"What happened here?" Dave asked and reached for the gear shift lever.
"The worst!" the officer snapped, and gestured with his hand. "Stukas caught a whole battalion. Nasty business! Now, chase, do you hear?"
Dave didn't wait to argue about that. He sent the car rolling forward and kept his eyes open for the turn to the left. He came to it presently and turned off. It was also more or less untouched by bombs so he could keep his speed steady. In almost no time they came upon a whole army of British soldiers. They jammed the road and overflowed on both sides. Hundreds of pairs of eyes were turned their way as their headlights cut through the night. A soldier with sergeant's chevrons on his sleeves rushed up to them.
"Shut off those blasted lights, you fool!" he roared. "You want the Jerry planes to ... Good grief, a couple of kids! What's this?"
"Ambulance with wounded from Lille, Sergeant," Freddy called out to him. "The officer back there told us to take them to the rail junction. How far is it?"
"Wounded, eh?" the sergeant grunted. "Well, that's a sight different. Keep going. You're practically there, mates."
The sergeant stepped back and cupped big hands to his mouth.

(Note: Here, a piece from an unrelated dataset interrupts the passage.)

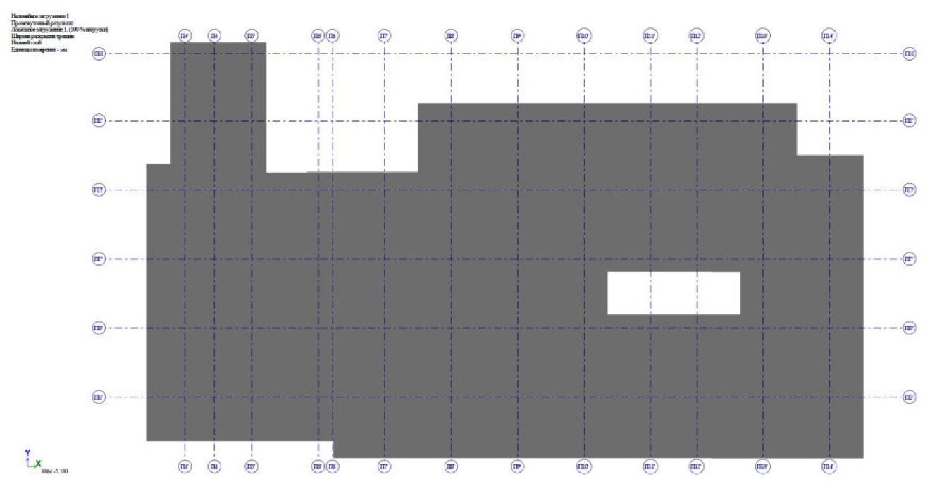 Исследование проведено в построечных условиях для монолитной железобетонной плиты перекрытия подземной автопарковки на реконструируемом объекте. Конструктивная схема – каркасно-стеновая, где вертикальными несущими конструкциями являются монолитные стены толщиной 250 мм и колонны сечением 500×500 и 500×800 мм. Плита перекрытия – плоская с капителями колонн, толщиной 300 мм.

"Make way!" he thundered at the road choked mass of British troops. "Ambulance! Make way there, you chaps! Ambulance! Give them the horn, lad. That'll make 'em jump."
The sergeant barked the last at Dave as the ambulance started forward. Dave got the car in high then held his hand on the horn. Freddy got out on the running board and started shouting, "Make way for an ambulance!" at the top of his voice. For two or three awful seconds Dave was afraid that the soldiers were going to refuse to move. But the shouted word, "Ambulance!" finally did the trick. They shuffled off to both sides and left a path down the middle of the road. Driving with one hand and keeping his other on the horn, Dave steered the ambulance down that path until a bomb shattered railroad bridge stopped him. There was no need of going farther anyway.
They had reached the rail junction, or at least what was left of it. Eastward from the bridge the track was just so much twisted steel, but westward from the bridge it had not been touched, by some strange miracle. There was a long train of some twenty cars on the track with an engine at the far end. Dimmed lights were moving around all over the place like fire-flies on a muggy night. The murmur of many voices filled the air, and as Dave got his eyes accustomed to the scene he saw that long lines of battle weary soldiers were climbing into the cars. And then out of nowhere a squad of soldiers with white bands on their tunic sleeves swooped down on the ambulance.